**INFORMATION**
------

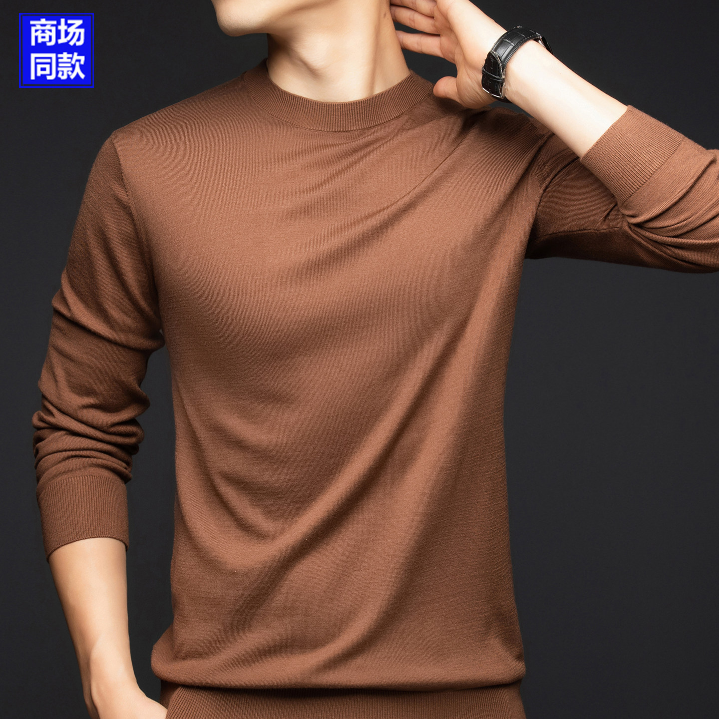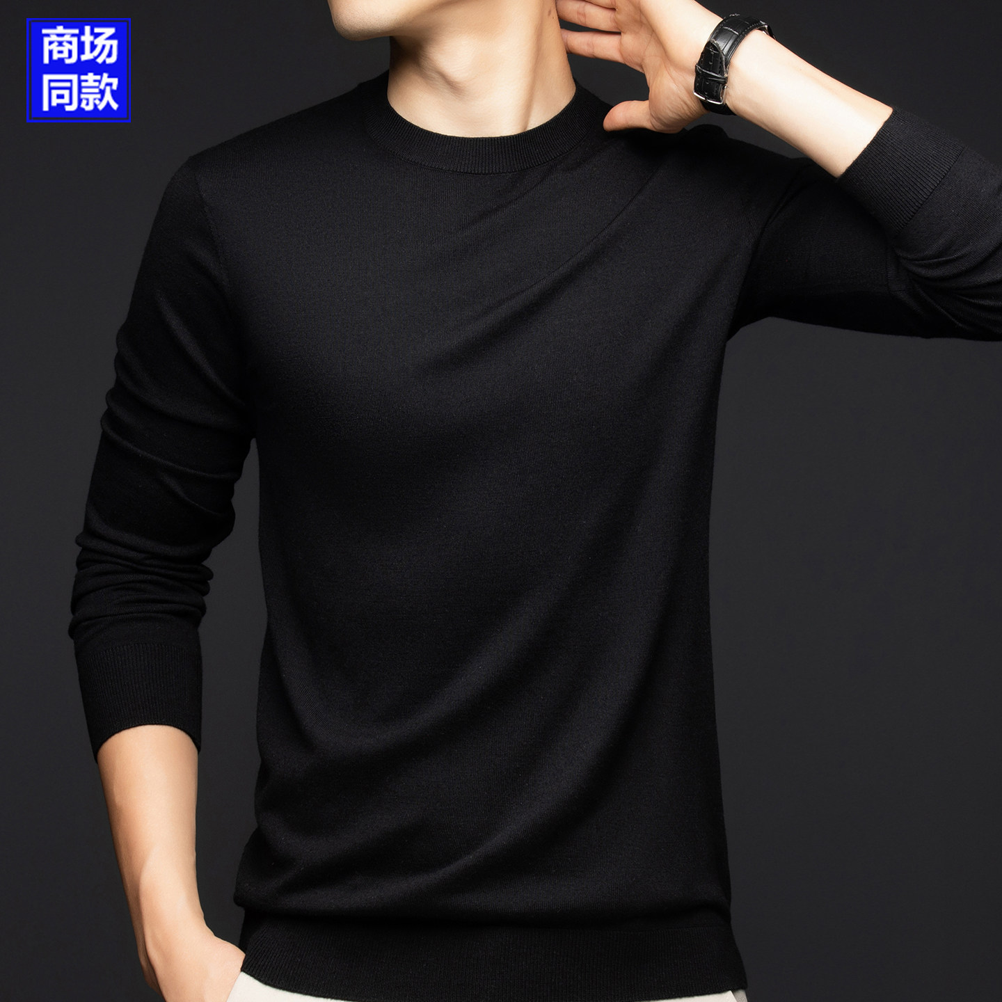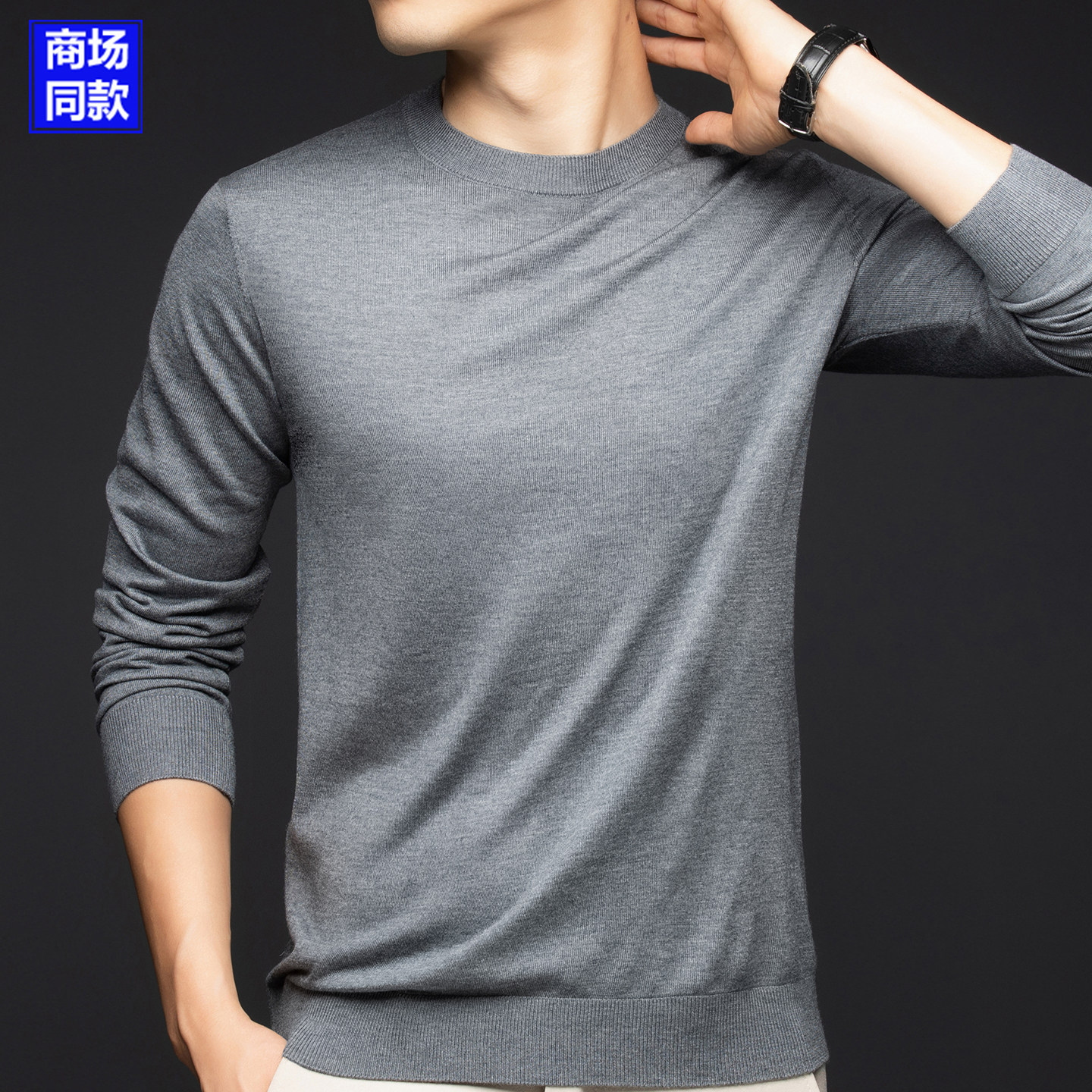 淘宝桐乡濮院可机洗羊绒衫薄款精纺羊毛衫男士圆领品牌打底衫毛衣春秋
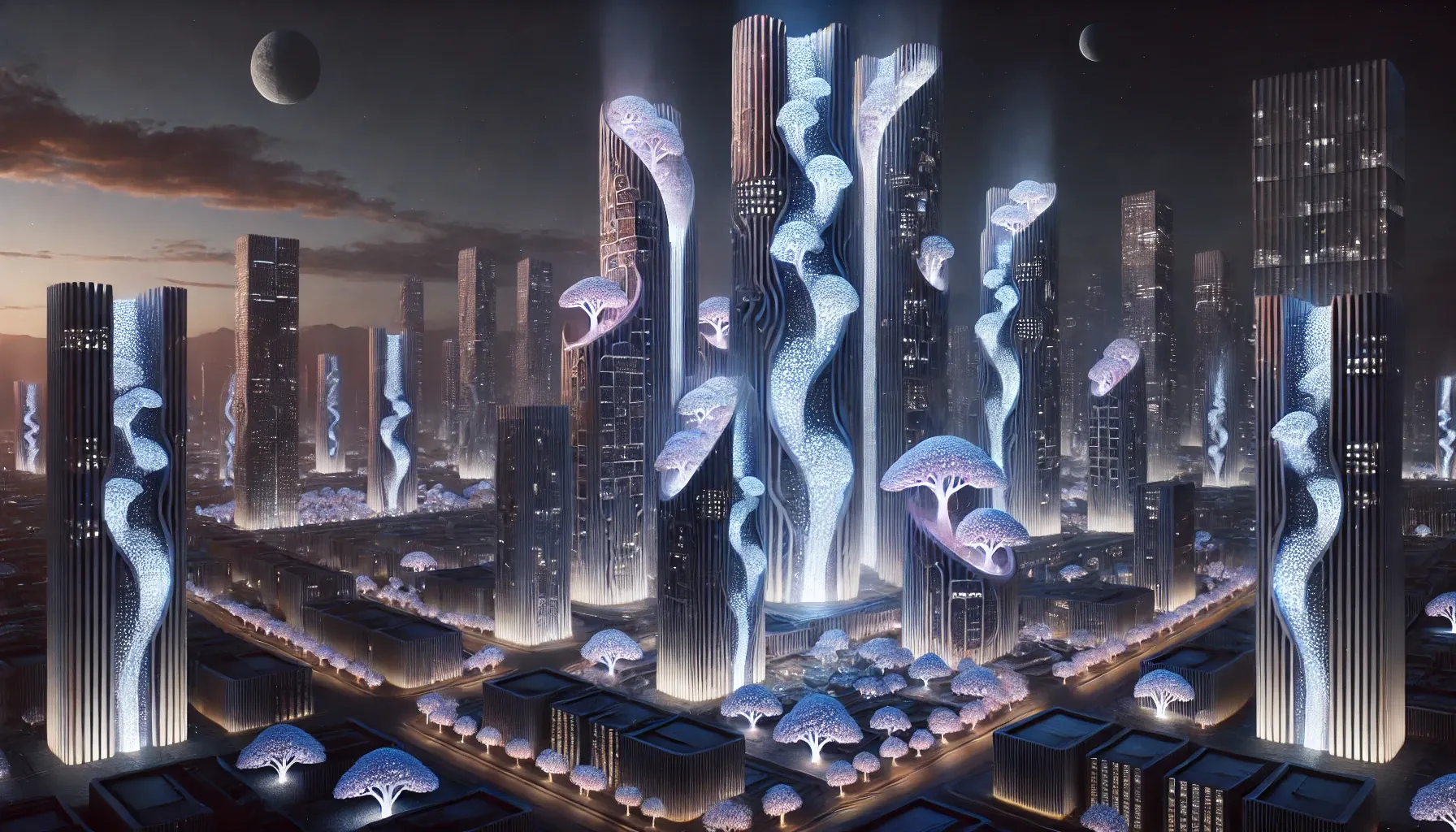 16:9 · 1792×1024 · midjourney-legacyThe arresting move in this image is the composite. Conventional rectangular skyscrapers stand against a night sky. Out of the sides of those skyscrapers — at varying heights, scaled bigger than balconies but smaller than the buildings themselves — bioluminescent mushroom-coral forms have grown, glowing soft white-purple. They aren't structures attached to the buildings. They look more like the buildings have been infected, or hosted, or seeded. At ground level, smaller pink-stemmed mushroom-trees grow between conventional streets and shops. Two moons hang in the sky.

------

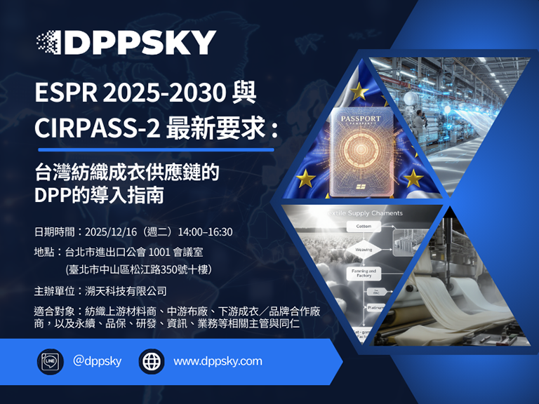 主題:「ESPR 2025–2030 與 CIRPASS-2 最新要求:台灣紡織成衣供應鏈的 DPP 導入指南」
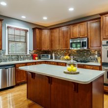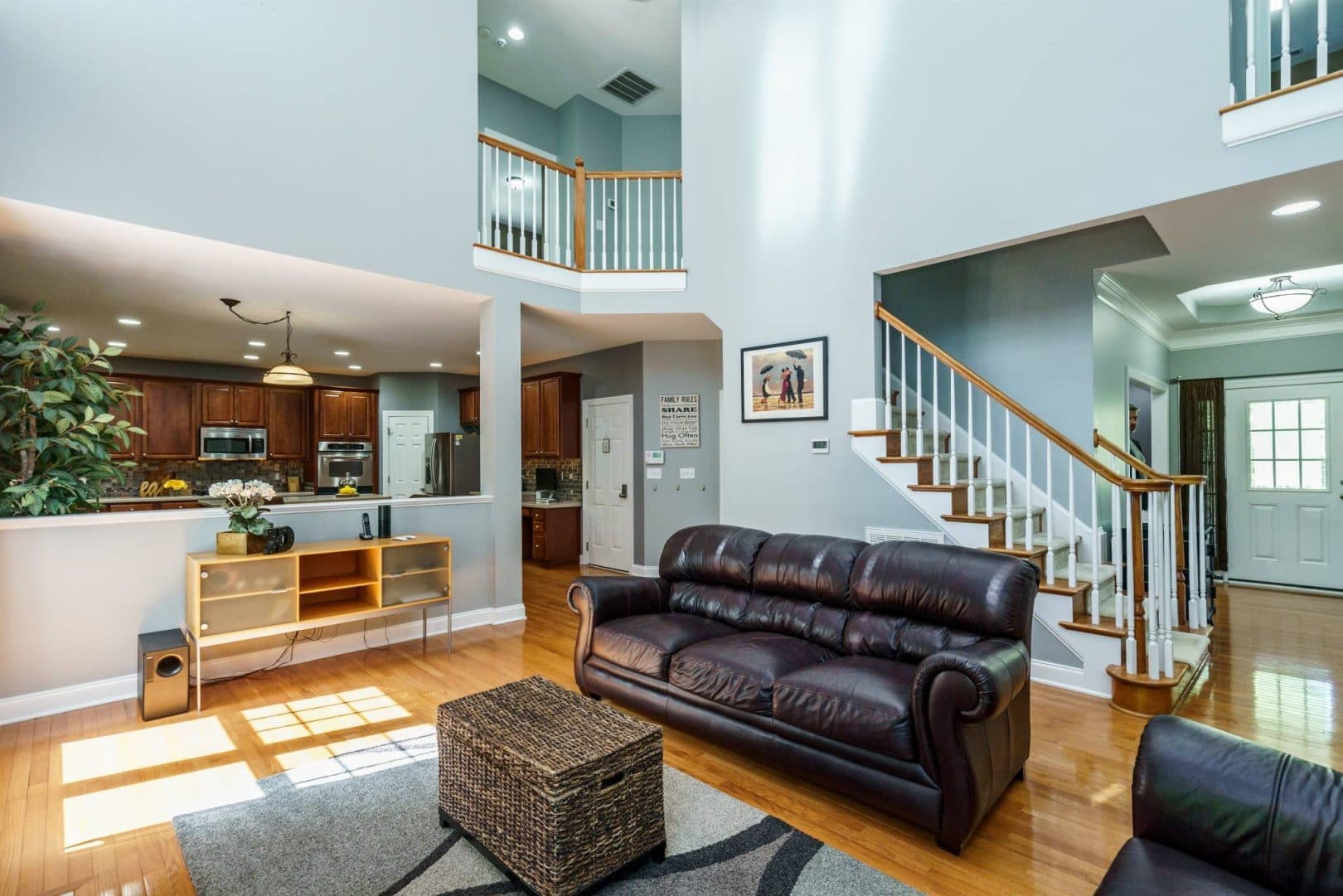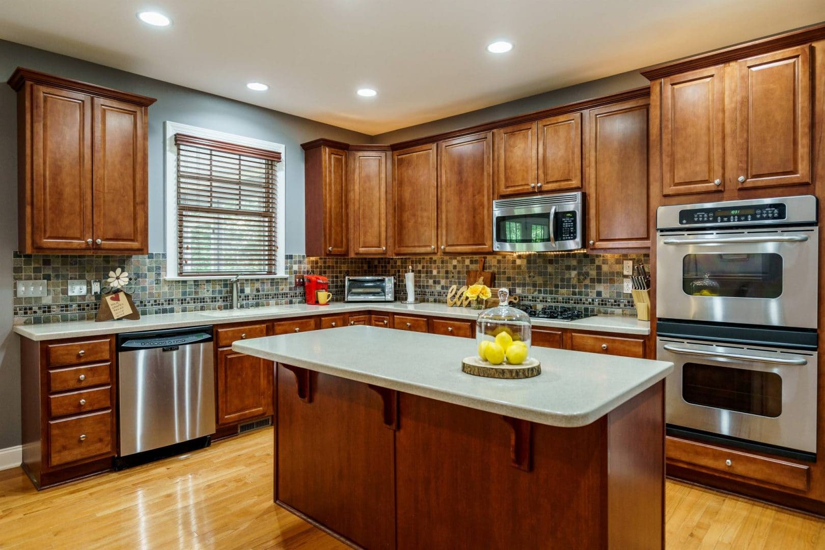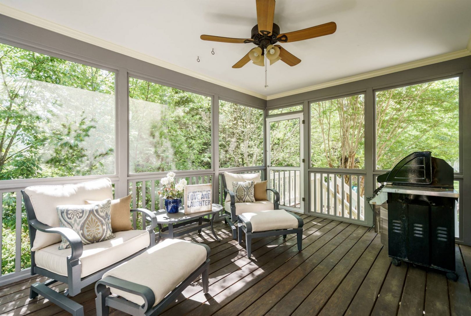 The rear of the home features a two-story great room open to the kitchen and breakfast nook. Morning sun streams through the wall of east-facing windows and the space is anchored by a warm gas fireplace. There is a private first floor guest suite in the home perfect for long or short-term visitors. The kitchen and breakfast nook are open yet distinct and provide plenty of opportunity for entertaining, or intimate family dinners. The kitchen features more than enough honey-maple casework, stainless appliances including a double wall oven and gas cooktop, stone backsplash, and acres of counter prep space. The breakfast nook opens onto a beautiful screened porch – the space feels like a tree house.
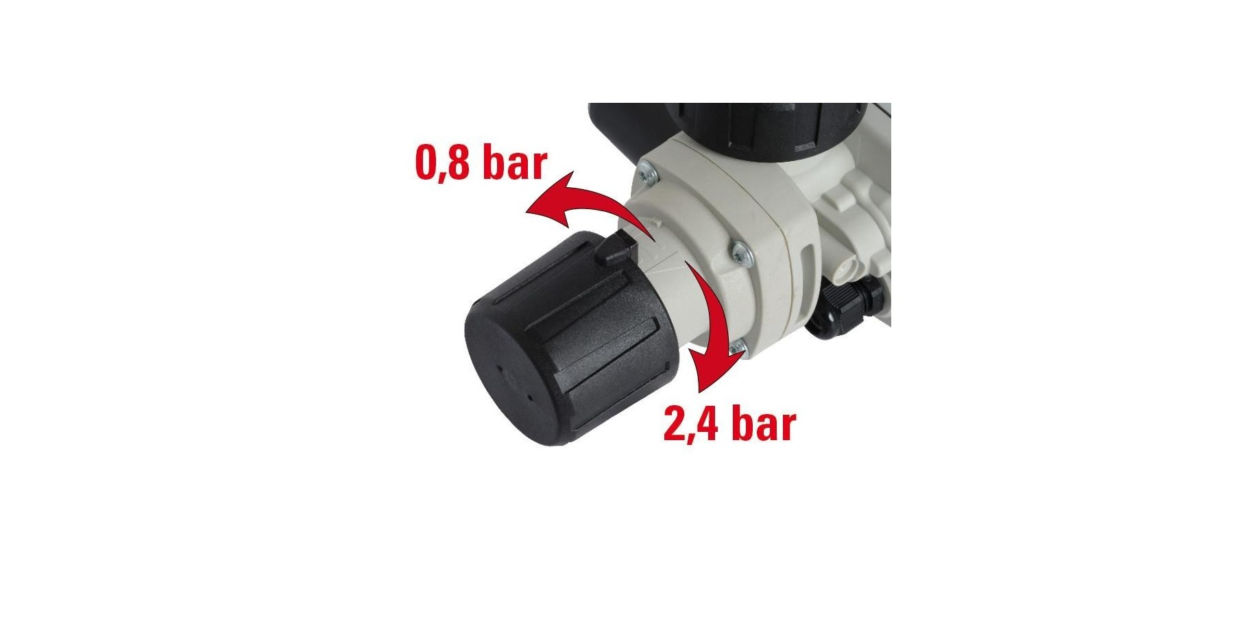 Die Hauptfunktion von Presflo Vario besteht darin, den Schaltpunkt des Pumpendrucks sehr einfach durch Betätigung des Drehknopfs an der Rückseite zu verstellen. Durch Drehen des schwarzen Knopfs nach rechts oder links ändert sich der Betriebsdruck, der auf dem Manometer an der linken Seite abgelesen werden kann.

------

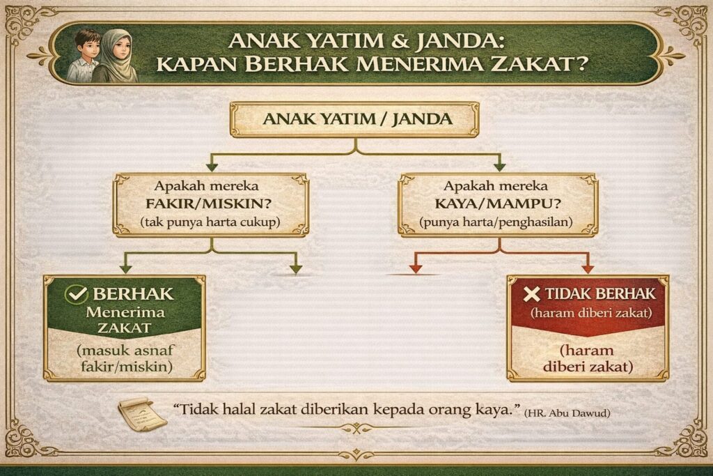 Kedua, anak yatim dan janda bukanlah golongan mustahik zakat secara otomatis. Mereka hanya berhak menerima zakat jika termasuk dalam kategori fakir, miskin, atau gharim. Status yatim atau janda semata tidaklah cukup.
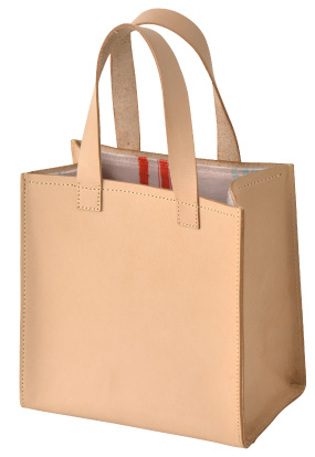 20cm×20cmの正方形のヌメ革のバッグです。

------

**ACTIVITY**
Transcribe, exactly and without pictures, everything in the data from the line with "淘宝桐乡濮院可机洗羊绒衫薄款精纺羊毛衫男士圆领品牌打底衫毛衣春秋" down to the line with "16:9 · 1792×1024", both included.

**OUTPUT BELOW**
 淘宝桐乡濮院可机洗羊绒衫薄款精纺羊毛衫男士圆领品牌打底衫毛衣春秋
 16:9 · 1792×1024 · midjourney-legacyThe arresting move in this image is the composite. Conventional rectangular skyscrapers stand against a night sky. Out of the sides of those skyscrapers — at varying heights, scaled bigger than balconies but smaller than the buildings themselves — bioluminescent mushroom-coral forms have grown, glowing soft white-purple. They aren't structures attached to the buildings. They look more like the buildings have been infected, or hosted, or seeded. At ground level, smaller pink-stemmed mushroom-trees grow between conventional streets and shops. Two moons hang in the sky.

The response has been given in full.